**YOUR GOAL**
A partial copy is required: transcribe exactly the lines from the one containing "Улыбающийся, когда он" through the last line below, without any pictures.

**RECORDED INFORMATION**
┌──
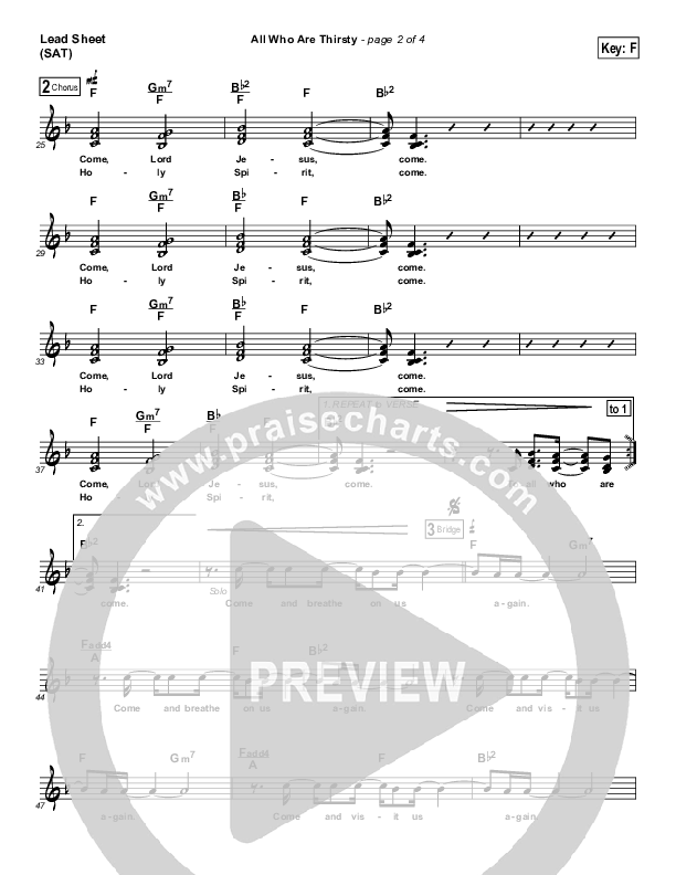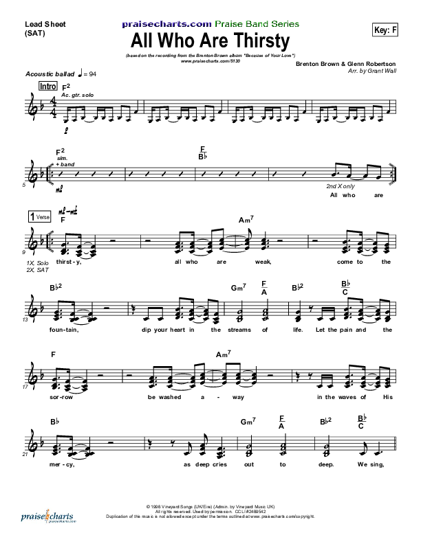 Download the sheet music for All Who Are Thirsty by Brenton Brown, from the album Because of Your Love. This song was arranged by Grant Wall in the key of F, G.
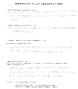 その他、当事務所にお送りいただいたアンケートをご紹介します。
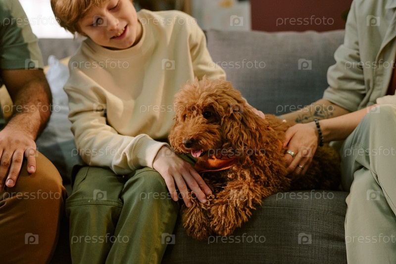 Улыбающийся, когда он ласкает собаку с родителями во время первого опыта мальчика-домашнего питомца
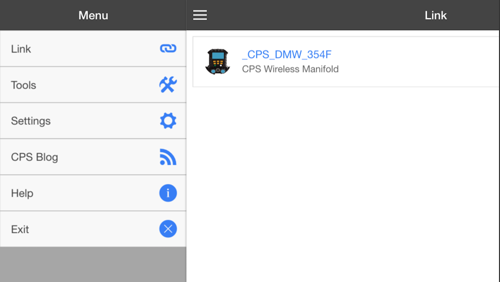 The Manifold Link with CPS Link™ mobile application will remotely communicate with and control select functions on a line of BlackMax® Wireless Digital Manifolds for servicing air-conditioning and refrigeration equipment. Developed by CPS Products, Inc., CPS Link™ also provides additional convenient capabilities not found in non-wireless manifolds such as comprehensive views of system measurements, graphical depictions of test functions, data logging and more.
└──
**WRITTEN SOLUTION**
 Улыбающийся, когда он ласкает собаку с родителями во время первого опыта мальчика-домашнего питомца
 The Manifold Link with CPS Link™ mobile application will remotely communicate with and control select functions on a line of BlackMax® Wireless Digital Manifolds for servicing air-conditioning and refrigeration equipment. Developed by CPS Products, Inc., CPS Link™ also provides additional convenient capabilities not found in non-wireless manifolds such as comprehensive views of system measurements, graphical depictions of test functions, data logging and more.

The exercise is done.